Sandy looked around the house again and tried to imagine her great-aunt, whom she remembered only as a petite, gray-haired
woman who liked to crochet dishtowels, living there alone. It was unthinkable. There was nothing here—no computer, no satellite
dish, no shopping for miles around. Unless Aunt Linda had been having a torrid affair with Tío Jaime, there was absolutely
no way Sandy could imagine her filling her days here. And even if they had been dating, or whatever elderly people did together,
it couldn’t have been enough to fill years on end out in the middle of nowhere.
After deciding to leave everything else as it was, Sandy and her mother walked back to Tío Jaime’s yard and accepted his offer
to have a drink.
Inside his house, which was even more sparsely furnished than Aunt Linda’s, they sat at a tall square table in the kitchen
and drank strong, sweet lemonade. Tío Jaime put out a plate of assorted Mexican cookies, and Mrs. Saavedra politely accepted
a chocolate one.
“Did you know my aunt well?” she finally asked, as casually as she could.
Tío Jaime took a strawberry wafer off the plate and said, “We’ve been neighbors all our lives.”
“Oh, really?” Mrs. Saavedra looked wary then, as if it had just occurred to her that this man might be untrustworthy, or senile.
“First in Del Rio, then here,” Tío Jaime added.
“Oh!” my mother said. “So you grew up together?”
“Yes.”
“Were you… were you at the funeral?”
“No,” he said. “Was it nice?”
“Oh, we don’t know. We couldn’t make it.”
“Me neither. Wish I had.” And that was all Tío Jaime said. He didn’t seem rude or secretive. He was just a man who didn’t
waste words. Sandy had gotten that sense right off the bat, and found herself admiring him for it.
Her mother finally realized it, too. She visibly shook off her moment of discomfort and filled the silence with her own chatter.
“Well, Sandy, I don’t know what’s left for us to do. Mr.—Tío Jaime—already did everything for us. Thank you again, Tío Jaime.
You took a load off my mind. I didn’t even know where we were going to start. Well, I guess we’ll just take Aunt Linda’s papers,
then, and come back later for…” She paused there and looked to Sandy, as if she had a piece of a puzzle. “Everything else?
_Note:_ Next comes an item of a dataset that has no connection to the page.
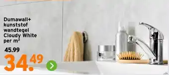 De Dumawall+ kunststof wandtegel Cloudy White is momenteel met korting verkrijgbaar bij GAMMA. Hier vind je alle details over prijs, geldigheidsduur en actievoorwaarden. Vergeet niet om ook andere aanbiedingen en deals voor Dumawall+ kunststof wandtegel Cloudy White te bekijken zodat je zeker weet dat je de beste prijs betaalt. De kortingsactie loopt van 27-02-2026 tot 01-03-2026. Is de actie inmiddels verlopen? Geen zorgen, vergelijk dan soortgelijke aanbiedingen of volg de productcategorie voor toekomstige prijsverlagingen. Zo koop je altijd met voordeel.Veelgestelde vragen over Dumawall+ kunststof wandtegel Cloudy White

Or…” She turned back to Tío Jaime. “Did you want any of the—I mean, is there something I can give you for… I mean…”
Tío Jaime shook his head. “She gave me a few things before she left. The rest, she said, was for whoever in the family came
to pick it up.”
He fell silent again. Through the open window the breeze picked up a little. On a rug nearby the dog sighed in his sleep.
Sandy got the sense that it might have been sort of insulting for her mother to offer this man payment or a keepsake for his
services. It was almost, she started to realize, inappropriate for Sandy and her mother to be here. They’d hardly known Aunt
Linda, after all. They obviously hadn’t known her as well as Tío Jaime had.
Sandy peered at him over her lemonade glass. His face was politely expressionless. But who knew? Maybe he was hiding extreme
grief.
“Mom, we need to head back now.” Sandy stood and put out her hand. “Tío Jaime, thanks for everything you’ve done. I know Aunt
Linda’s family in California will be grateful to you, too.”
Her mother followed Sandy’s lead, getting up and shaking Tío Jaime’s hand in turn. “Yes, thank you, Tío Jaime.”
“It was nothing,” he said. “Y’all come back just as soon as you’re ready and I’ll be here to help.”
“Do you…” Sandy struggled to think up the protocol for this situation. “Do you want us to call ahead before we come back?”
“No. Just come on over when you’re ready. I’ll be here,” he said.